When an associate went to pick up the drive after having nearly 1.3TB of data written to it, his finger nearly blistered from the burn caused by the drive. This was just sitting on top of an aluminum case, which would be wicking some heat away, in a fairly warm server room. Needless to say, that drive failed shortly afterwards, so we shipped it back and ordered another one to replace it.
Once we began building the actual RAID-5 array in the Thecus N5200, we looked at the temperatures of the drives. They were staying in the 45 degrees Celcius range, which is pretty high for any drive, but shouldn't necessarily cause failure. We decided to give it a go, and sure enough, drive 3 was the first to show the dreaded Reallocated Sectors Count. Drive 2 followed shortly after wards, so we decided to move from the Thecus to a cooler working environment.
Enter the Lian-Li PC-K7B case with two 120mm fans blowing directly over the hard drive cage. I designed and built this custom NAS machine around the excellent Asus P5Q-EM motherboard and a dual-core Celeron E1400 with 2GB of DDR2-800. For the software, we decided to use Openfiler, which brings Novell's iSCSI solution to an easy-to-configure web interface. Amazingly, this solution wound up being considerably less expensive than the Thecus while having about twice the horsepower and a lot more airflow.
So we loaded up the two remaining good drives and two more brand-spankin'-new drives only to be greeted by my least favorite noise from one of the new drives, the sound of heads clicking. This DOA can be expected when you have to sift through this many drives, so we boxed it up and sent it back. We had a spare drive that we were waiting to get back from RMA, so we decided to build a smaller array with the three remaining drives, just to make sure they would be solid, and then wait on the other drive to actually start moving data. We threw about 300GB of data at the array to benchmark the array, and then I came back a couple of days later to install the new, new drive.

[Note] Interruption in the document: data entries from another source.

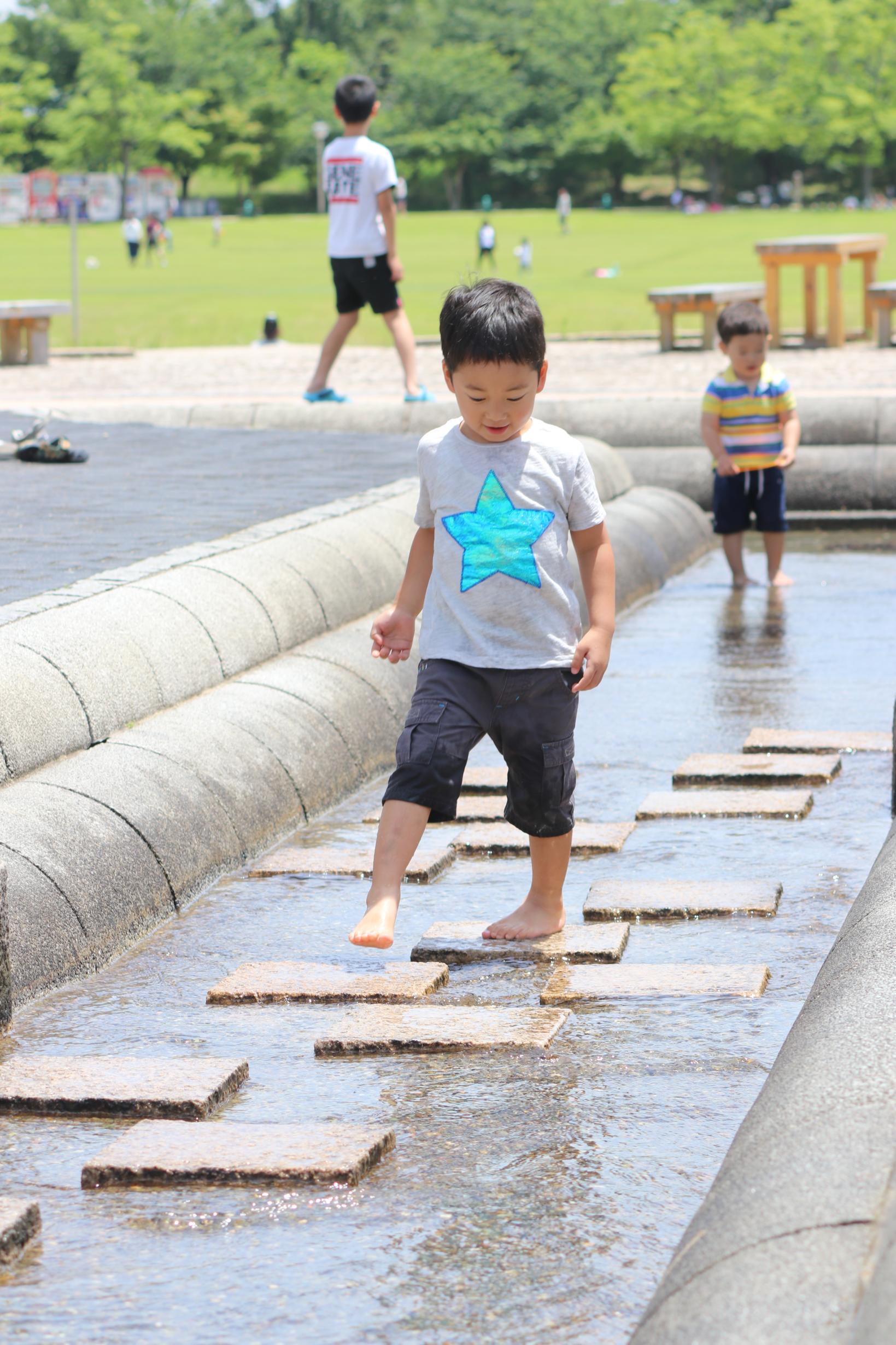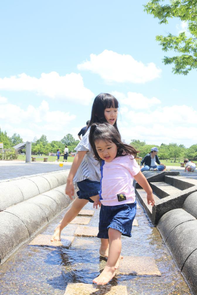 「ドラえもんの空き地」と「インクルーシブ遊具」の間には、小川が流れており、小さい子供たちの水遊びにピッタリ!浅いので、子供が1歳のころから座って遊んでいた記憶があります。
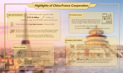 GTGraphic: Highlights of China-France Cooperation -Trade in goods in 2022 reached €101.8 bln, up 14.6% y-o-y -China will fly French experiments on Chang'e 6 mission -20% of Airbus aircraft were delivered to China during pandemic
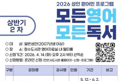 (내포투데이) 천안시 청수도서관은 내달부터 원어민 영어 독서프로그램 ‘모든 영어 모든 독서’ 수강생을 모집한다고 9일 밝혔다. 이번 프로그램은 원어민 강사와 함께 책을 읽고 소통하며 자연스럽게 영어를 배울 수 있도록 마련됐으며, 초급반과 중급반으로 나눠 운영된다. 초급 과정은 ‘영어 동화 첫걸음’과 ‘그림책으로 떠나는 세계 여행’, 중급 과정은 ‘영시로 읽는 영웅의 꿈’이 운영돼 깊이 있는 독서 경험을 제공할 예정이다. 프로그램 참여 신청은 오는 14일 오후 2시부터 가능하며, 자세한 내용은 천안시 도서관 누리집에서 확인할 수 있다. 이재순 청수도서관장은 “원어민 강사와 함께하는 독서 프로그램을 통해 시민들이 영어에 대한 자신감을 얻고, 도서관에서 유익한 자기계발의 시간을 갖길 바란다”고 말했다.
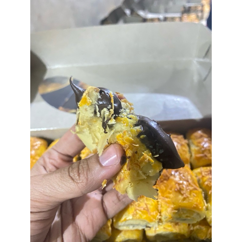 Terbuat dari kulit Pastry dengan isian pisang coklat dan keju yang crispy di luar lumer di mulut , cocok banget buat teman nyemil ketika nonton drakor dan santai bersama keluarga Bolen pisang merupakan produk makanan olahan yang berbahan dasar pisang yang dipadukan dengan berbagai varian rasa yang dikemas dengan kemasan kekinian. Bahan dasar yang digunakan pisang karena bahan dasarnya mudah ditemui
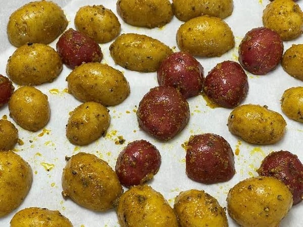 1 1/2 pounds of baby potatoes, cleaned and cut in half
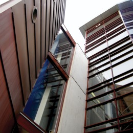 De architect heeft geprobeerd om met dit speelse gebouw tegenwicht te geven aan het strenge ontwerp van het Stadhuis, dat er schuin tegenover staat. Het gebouw heeft twee delen. De grootste ruimte van het gebouw ligt als een vissenlichaam langs Het Baken. Het is een langgerekt strak gedeelte dat de kromming van de straat volgt. Een kleinere ruimte ligt als een zwierige vissenstaart langs de Touwbaan. De kopgevel van het gebouw is voor een groot deel uit ultramarijn blauw glas opgetrokken net zoals de noordelijke kopgevel. De dakopbouw is van zink.
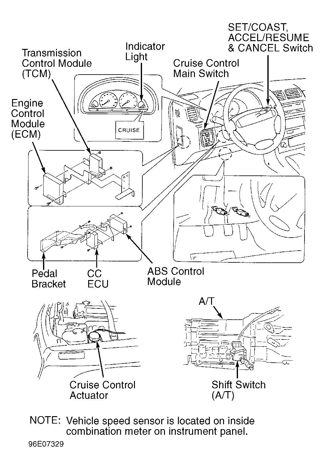 CAUTION: When performing the following diagnosis and testing procedures, it may be necessary to disconnect electrical connector from Cruise Control Electronic Control Unit (CC ECU) if instructed. Ensure ignition is off before disconnecting electrical connector at CC ECU. The CC ECU is located in different locations and contains an 18-pin electrical connector. SeeFigure . DO NOT  apply test equipment directly to CC ECU terminals or CC ECU may be damaged. Connect voltmeter or ohmmeter probes from wire harness side of connector only.

I decided to check on the status of the drives with a handy little utility that comes built into most Linux's these days called smartctl. Run "smartctl -A /dev/sda" and you'll get a list of SMART data for the drive: /dev/sda. I was only looking for two things, temperature and the Reallocated Sector Count. Temperatures were awesome, with these drives staying around 35C, but the Reallocated Sector Count had reared its head again. This time, of the three drives, one was totally failed out and the other two were showing less than 10 Reallocated Sectors, however that was after throwing just 300GB at this array. So we got rid of the heat, but the failures were still coming.

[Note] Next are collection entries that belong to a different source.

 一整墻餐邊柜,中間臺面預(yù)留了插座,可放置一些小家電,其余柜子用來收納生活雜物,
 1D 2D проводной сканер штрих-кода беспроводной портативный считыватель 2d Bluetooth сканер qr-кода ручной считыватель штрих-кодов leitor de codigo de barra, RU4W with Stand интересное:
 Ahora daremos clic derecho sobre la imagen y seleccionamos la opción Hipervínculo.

I wish I had kept better records of this whole process, but I didn't. If I had, I would've seen that we killed around 7 or so hard drives, and never did find a good one. I was very frustrated at this point, so I called up Seagate and explained that I have been in the Seagate Partner Program for nearly 2 years and was very concerned about this issue. The representative looked up the failure rate on these drives, 0.3%, and claimed that I might just have gotten drives from a bad batch. I said that makes sense and I'm sure that Seagate would be happy to send me some new drives so that we could get this situation behind us. He did not agree, and was unable to authorize sending me new drives.
At this point, I decided to check in on a couple of other drives that I had sold over the past few months, the first of which was the drive who's failing status is pictured above. I also checked in on another drive that probably was purchased within the first month of their production, and that one has not produced any Reallocated Sectors yet. However, it does have a scary high "Read Error Rate" and "Seek Error Rate" which seems to be par for the course for these drives. Luckily, the hardware error correction has saved his data to this point, but would you trust a drive that is relying on error correction to keep your data? I wouldn't.

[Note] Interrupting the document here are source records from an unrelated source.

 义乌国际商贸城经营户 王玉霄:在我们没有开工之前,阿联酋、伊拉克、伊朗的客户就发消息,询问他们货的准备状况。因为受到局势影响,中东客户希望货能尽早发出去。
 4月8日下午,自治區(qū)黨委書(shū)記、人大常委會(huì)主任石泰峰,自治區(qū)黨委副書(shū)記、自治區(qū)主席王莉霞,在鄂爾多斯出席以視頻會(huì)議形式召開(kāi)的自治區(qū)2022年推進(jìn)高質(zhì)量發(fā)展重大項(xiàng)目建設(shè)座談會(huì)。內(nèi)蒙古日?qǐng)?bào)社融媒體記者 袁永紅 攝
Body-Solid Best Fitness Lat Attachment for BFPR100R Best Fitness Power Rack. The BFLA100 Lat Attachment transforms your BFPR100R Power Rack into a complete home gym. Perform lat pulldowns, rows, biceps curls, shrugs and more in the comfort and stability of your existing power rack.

So, needless to say, to remedy the NAS server, we purchased 5 Western Digital Caviar Black 1TB drives and installed them yesterday. We threw about 500GB of data at them, and they are still showing zeros for Read Errors and Seek Errors, no hardware ECC needed. They are sitting pretty at 35C, and will hopefully run forever. At least they have a 5 year warranty, which is something Seagate can't deliver anymore, apparently.
I also have a Western Digital Green Power 1.5TB drive on the way to replace my failing Barracuda, and I'll try to share my thoughts on that solution once it arrives and I have some time with it. I understand that they are not really acceptable for RAID solutions, but the new RE4-GP is, and it weighs in at 2TB. It's quite costly compared to the Seagates, but I'd be willing to bet that your data is much safer on that drive if you need big capacity.
As always, Seagate is more than welcome to email me their thoughts that I will gladly put at the end of this piece, but I hope that I might have saved some data with these ramblings.


I have three of these:
Model Family: Seagate Barracuda 7200.11
Device Model: ST31000340AS
These are a part of the infamous family that issues with playing video and data loss. There is a firmware patch which I haven't applied yet. I have them in RAID 5 on a Debian GNU/Linux server and haven't had any noticable issues. However I decided to look at the SMART data. I have no high reallocated sectors but all of them seem to have high "Read Error Rate" and "Seek Error Rate", have a look:
should I be looking at the raw values? if so those are terrible aren't they?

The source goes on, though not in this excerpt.